The killing of the two judges in such a short time exposes the main structural weakness in fighting the Mafia and organised crime: that is, the absence of a real institutional framework combating the Mafia. The main body fighting the Mafia is made up of the courageous investigating magistrates, most of them Sicilian, who operate out of the palace of justice in Palermo. But they have been hampered by lack of resources, laws that favour the accused, and an apparent absence of political will in Rome to commit the manpower to continue the fight.
In its fight against the Mafia, Italy has tended to concentrate attention on single individuals. In 1982, it was General Carlo Alberto Dalla Chiesa. He had defeated the terrorist Red Brigades but was assassinated within weeks of his arrival in Sicily. Falcone was ideally suited to the role, although for years he had tried to resist it.

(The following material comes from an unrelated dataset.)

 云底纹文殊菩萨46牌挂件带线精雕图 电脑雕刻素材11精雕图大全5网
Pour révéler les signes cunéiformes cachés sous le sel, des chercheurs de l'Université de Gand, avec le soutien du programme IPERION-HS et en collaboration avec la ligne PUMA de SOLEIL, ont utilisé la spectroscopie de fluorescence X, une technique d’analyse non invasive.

Although he did not establish the anti- Mafia pool, he was its most fervent exponent in the Eighties. The pool attempted to get all judges to bury their differences and work together. This would ensure that if one was eliminated, his or her researches or inquiries would not go to waste. The pool handled all the cases dealing with the Sicilian Mafia on both sides of the Atlantic. Its investigations led to 338 convictions on charges relating to the laundering of millions of dollars of drugs profits.
The number of convictions showed that the Sicilian Mafia is not a problem confined to Sicily, or even to Italy. Because of the enormous profits generated by the international drugs trade, and the huge sums that are recycled through legitimate businesses and banks outside Italy, it is an international problem which confronts us all.

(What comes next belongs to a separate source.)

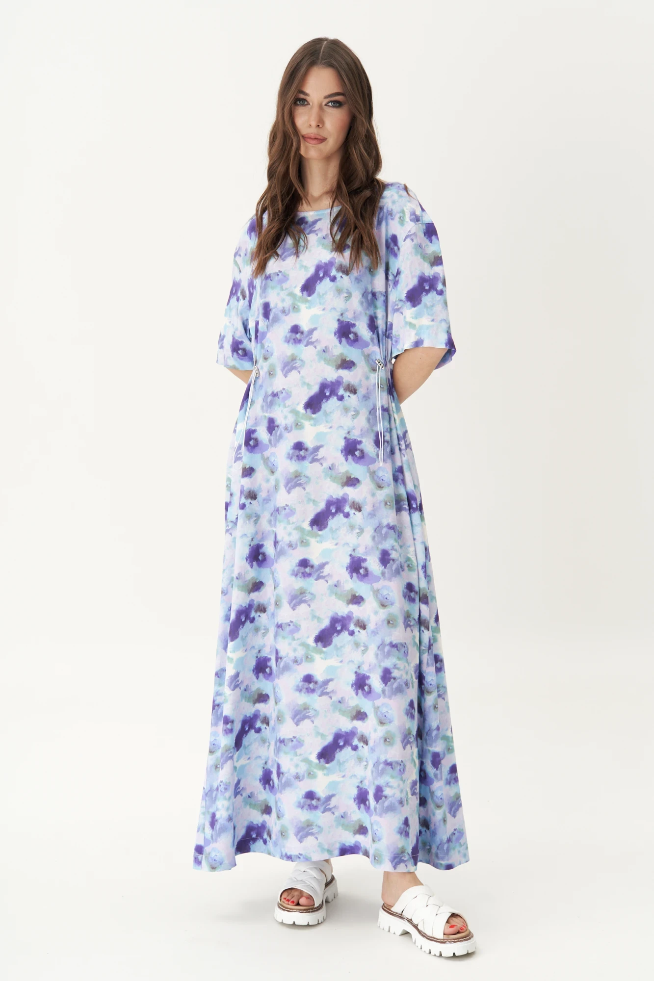 "Длинное, невероятно комфортное летнее платье, это то, что так необходимо знойным летним днём. Оно придает образу нотки романтизма и женственности. Свободный А-силуэт, рубашечный покрой, круглая горловина, рукав расширенный в области оката с эластичным шнуром и фиксаторами в области боковых швов, переходящая со спинки, частично на полочку, выше линии талии. Кулиса 100% вискоза с набивным 3Dпринтом. Мягко струится и дарит настроение лёгкости и свежести.

The pool, however, was not universally popular. Rumours were spread in newspapers, stating that the pool judges were seeking to advance their careers by exaggerating the dangers posed by the Mafia. The rumours were untrue, the conclusions erroneous. But the mud stuck, and the pool was disbanded. It was only in the months before his death that Falcone had been working with the justice minister, Claudio Martelli, and the then interior minister, Vincenzo Scotti, to set up a new super-prosecutor's office with a national investigative authority to fight against the Mafia. It was an attempt to persuade the judiciary, riven by political rivalries and personal jealousies, to pool resources in the common struggle. Another aim was to encourage closer co-operation between police forces, and between the police and the judiciary, despite the misgivings of judges who felt this would compromise their autonomy.
With Falcone's death, Borsellino became the chosen candidate of the state. His murder leaves a void. Shortly before his death, he expressed fears that time was running out and that the decrees which would have increased the powers of the authorities to investigate Mafia suspects would not be passed in time by parliament.

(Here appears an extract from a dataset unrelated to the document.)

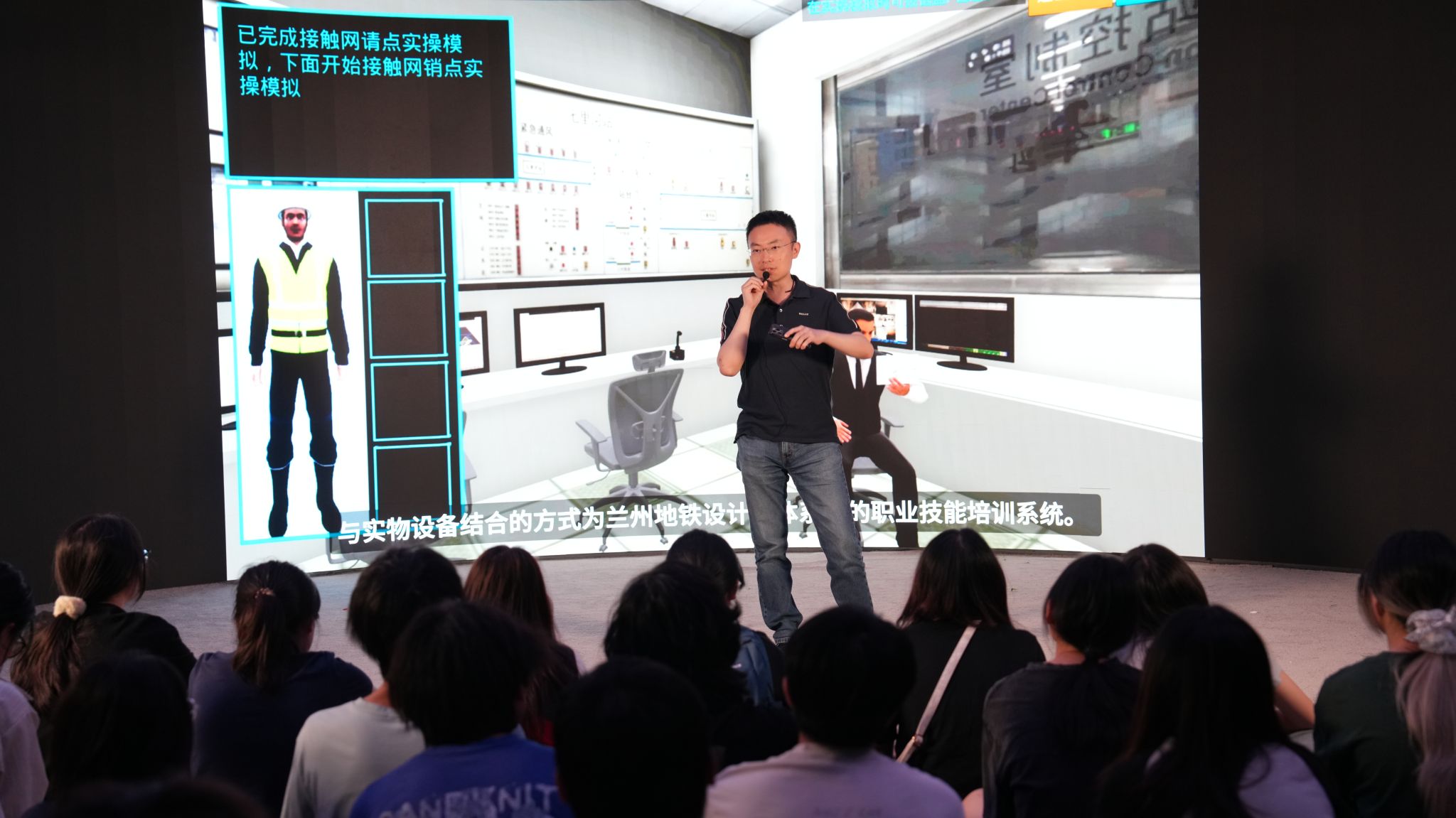 在四川物通科技有限公司的“实验工场”,通过展示“熊猫·1869”虚拟探索项目和“719酿酒中心数字孪生系统”等技术产品,同学们直观感受了数字孪生技术在流程监控、仿真优化中的强大能力。技术专家以AIGC互动数字人为例展现出AI在创意内容生成方面的潜力,让同学们了解了AI在工业设计、产品展示等领域的应用。此外,专家还对AI边缘计算、眼动追踪连接云端计算等前沿概念进行了深入解析。

The death of Borsellino will lead many to adopt the pessimistic stance of Il Gattopardo, a leading character in Giuseppe Lampedusa's novel The Leopard, that Sicily cannot fundamentally change, yet all things must change so that they can remain the same. Borsellino did not share this view. I once asked him why he ran the daily risk in his thankless task of fighting the Mafia. His stern face cracked into what passed into a smile. 'Because I'm not a gattopardista. I don't believe that things cannot change. And for Sicilians there is a choice. Either they can leave the island, or they can stay behind and try to improve the situation.'
There have been some glimmers of hope. The Mafia in many areas of Sicily is losing the silent complicity of the common people among whom it has been used to operating with impunity. In some towns, ordinary people have been prepared to stand up against the Mafia, denouncing those who extort protection money from legitimate business enterprises. Voters at successive polls have shown they are increasingly turning to parties overtly standing against the Mafia. But no number of demonstrations and marches, or sermons from the pulpits,
can persuade the people to turn against the Mafia unless the state proves that
it is an acceptable and dependable alternative.